Anil Bisram, another farmer from the area asked for better monitoring of the structures since farmers are acting in their best interest and making changes to the current structure of the existing dam.

“We get some farmers who cut the crown dam and put some tubing and when the pump ah wok the water can’t move. Some of the tubing, the excavator when it work, break some of the tubing so when you put the door the water still in and out so it can’t regulate the water. Concerning the tubing and the water level, if we can get someone like a ranger in the rainy weather or the dry weather to monitor because some of the farmers doing what they want,” Mr. Bisram said.

Minister Mustapha, while responding the farmers’ concerns, assured them that their issues would be addressed soon.

“In terms of the aerial spraying, I’ve asked Registrar for the Pesticide and Toxic Chemicals Control Board to put a halt on aerial spraying until this matter is settled. A team from the Board will come and meet with you to device a system so that all parties involved are comfortable. In terms of the extension service for Region Four, I’ve asked our Chief Extension Officer, Mr. Kuldip Ragnauth to recruit a person so that we would be able to provide the service to you. I’m hoping that it can start from Monday. We’ll also fix the Number 10 to Biaboo dam that the farmer spoke about and the dam; we’ll put another four outlets so that the water level can reduce,” Minister Mustapha said.

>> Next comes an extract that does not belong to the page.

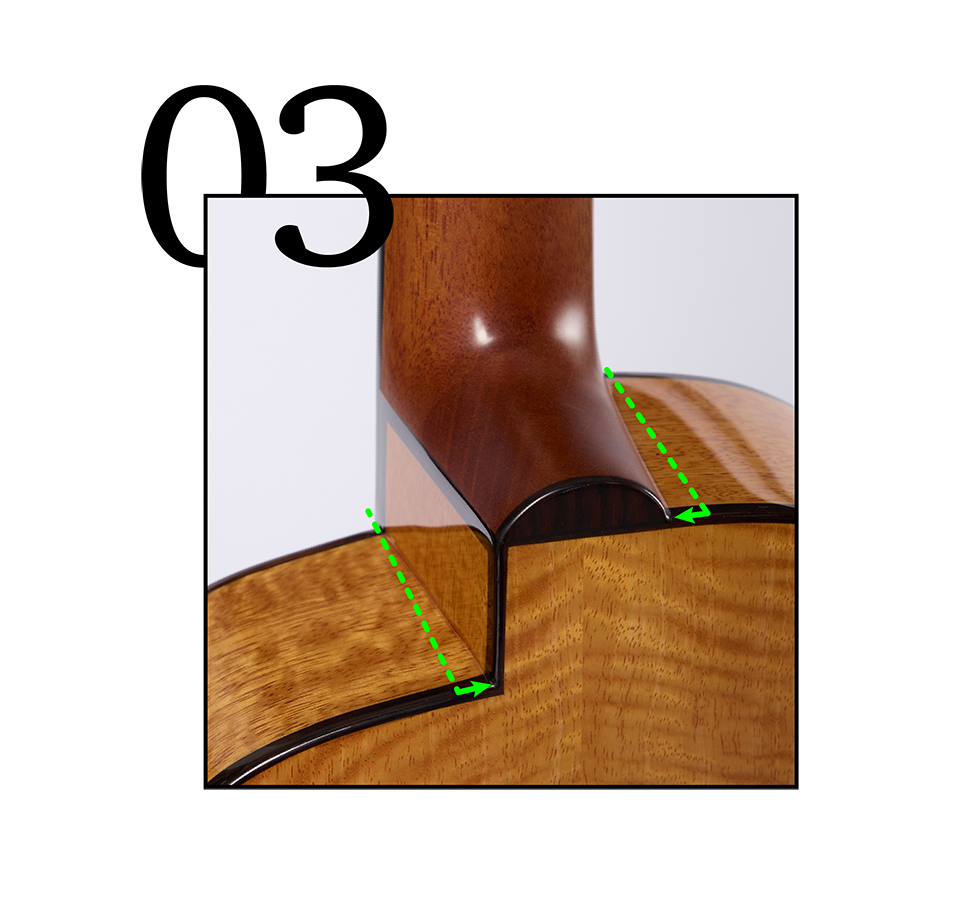玫瑰木密度高、結構穩定不易脆裂變形。鑲嵌琴身外側,不僅給予琴身保護,穩重的視覺質感也為琴身勾勒出溫潤而沉穩的輪廓。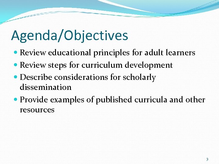 Agenda/Objectives Review educational principles for adult learners Review steps for curriculum development Describe considerations for scholarly dissemination Provide examples of published curricula and other resources 3

The subject Minister also said that transportation for extension services will soon be made available to officers who need to get to farms that are not so easily accessible.

“The comrade raised the issue about transportation for extension officers, we are working on that. Monday I will be handing over transportation to officers from GLDA. NAREI has also budgeted for transportation for the officers and I’ve instructed the CEO to ensure an ATV is assigned to this area. All the issues with the embankment we’ll address. We have a machine and we’ll send it to this part of the area by the middle of the month to complete the majority of those works. In terms of the issues with GLDA, we did a lot of work in that agency. We’ve revamped the management so if they are still unresponsive to the needs of our farmers going forward please let us know. As long as they have the animals available, farmers in this area have to benefit too. You might not get the quantity you want immediately but you will benefit. I’ll also be giving breeding animals to this area so that it can be used throughout the community. In terms of the ranger, if you find a capable person in the community, we’ll employ that person as a ranger to assist with the monitoring of the structures in the area,” Minister Mustapha said.

Minister Mustapha also said his Ministry plans to regularise farming lands at the MMA-ADA Scheme so that more focus would be placed on small-scale farmers.

Promoting non-traditional crops

During the visit, Minister Mustapha also met Mohanlall Sukhram, a farmer who is currently planting broccoli. Over the years, this non-traditional crop has become very popular among consumers. Locally grown broccoli is usually sold for between $400 and $500 per pound.

Mr. Sukhram currently has 1,200 heads of broccoli under cultivation and is working on expanding his farm to include more broccoli and other non-traditional high value crops.

The Ministry has been encouraging more farmers to plant more non-traditional crops, given the fact that these crops attract high market value and also contribute to a sizable percentage of the country’s food import bill.

Budget 2020 saw incentives being given to persons desirous of planting soya bean and corn. Minister Mustapha, during his last budget presentation, said that Guyana imports close to 40,000 tons of corn and soya bean annually, which amounts to about US $24M.